じぇーたい!私は田代と行くんだから。じゃなきゃ行かない!」



パクさんはそういうと田代さんの腕を掴んで離そうとしない。


これには木田さんも負けたようで、


「まあ、しょうがない。それじゃあふたりでいいから」

ということで、パクさんと田代さんも闇の中へと消えていったのだった。


それから5分後、

とうとう僕の番がやってきた。


「それじゃあ、次タケオ!お前の番だ」


木田さんは僕を呼び、耳打ちした。


「いいか、タケオ。この道をまっすぐ行くとな、途中で下りになってるから。

そしたらすぐに道が直線とカーブの2つの道にわかれてる。

山小屋はカーブの方の道だ。あとはそのカーブを進んで道なりに行けば山小屋に到着するから。

絶対、道間違えるんじゃねーぞ。」


「でも、もし間違えたらどうするんですか」
と僕。



「見たらすぐわかる道だから絶対間違えないから」



「でっでもそれでも道がわからなったらどうするんですか」



「大丈夫だって」



「大丈夫って根拠はどこにあるんですか?俺ここに来た事ないんですよ。クマでも出たらどうするんですか」

僕は引き下がらない。


「大丈夫!大丈夫だからって。ここにはクマいないから」


「でもそんなこと言ったって・・・」


「お前もしつこいな~。しつこいよ。しつこい。迷ったら携帯かけてくればいいから」


『そっか!携帯があったんだ。』

僕は少し安心したのだが、


『しかし、ほんとに大丈夫かな~。この人顔赤いし。酔った勢いでこんな事やりだしたんじゃねーの・・・・。
でも、他の人たちも行っちゃったしな~・・・・』

と、やっぱり不安が残る。



「あの~」


「なんだ?」


「俺も2人で行っていいですか?」

僕は往生際が悪くても引き下がらなかった。

「はああ・・・まあいいけど、ホントに大丈夫だぜ」

と木田さんが渋々OK!


『よしっ』
と僕は、心でガッツポーズを取り、


「山田さん、一緒に行きませんか?」

と山田さんに助け舟を出した。


すると山田さん自分を指差し、

「えっ俺?俺はいいよ。

俺は企画者だから、一番最後に行く。向こうで飲むビールとか持っていかなくちゃいけないし。
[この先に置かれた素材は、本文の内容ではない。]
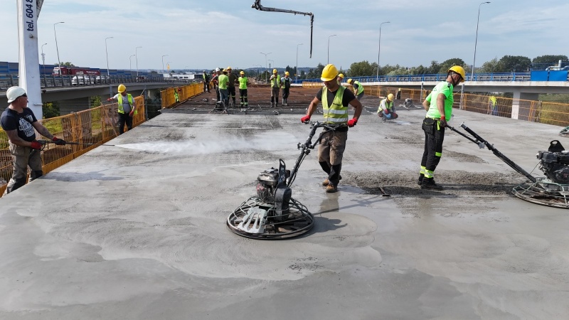 Zabetonowano już całą płytę mostu. Obecnie prace koncentrują się na montażu desek gzymsowych, układaniu krawężników, montażu elementów tzw. kap chodnikowch.

」

とやんわり拒否。


それでも負けじと

「えっじゃあ俺がその荷物持ちますよ。」
と僕。


「いや大丈夫だから!」


「いや俺持ちますよ。」


「いいから」


「いいですって遠慮しなくても!」


「遠慮してないって」


「いいじゃないですか~相部屋なんですから」


「ホントにいいんだよ!だって俺、木田さんと一緒にいくから」


・・・・・・

・・・・・・・・・・


「えええええええ」


僕は目を丸くした。


『きったねーー。きたねーぞ。

山田さんっ!  きたねー。


くそーー。しかも本心出やがって


立場を利用した口実+木田さんとグルかよ!ずりーなー。。


じゃあどうしよう・・・・でも、まあ仕方ないから、佐竹と行こうっと・・・』



「それじゃあ佐竹!一緒に行かない??」


僕は山田さんの隣にいた佐竹に声をかける。


これに対し佐竹は、

「俺、1人でいくからいいわ」
とキッパリ。


・・・・

・・・・・・・・

『俺って友達少ねーーーー』


「わかりました。じゃあ行ってきます」


僕は落胆しながら、1人で闇の中に足を踏み入れたのだった。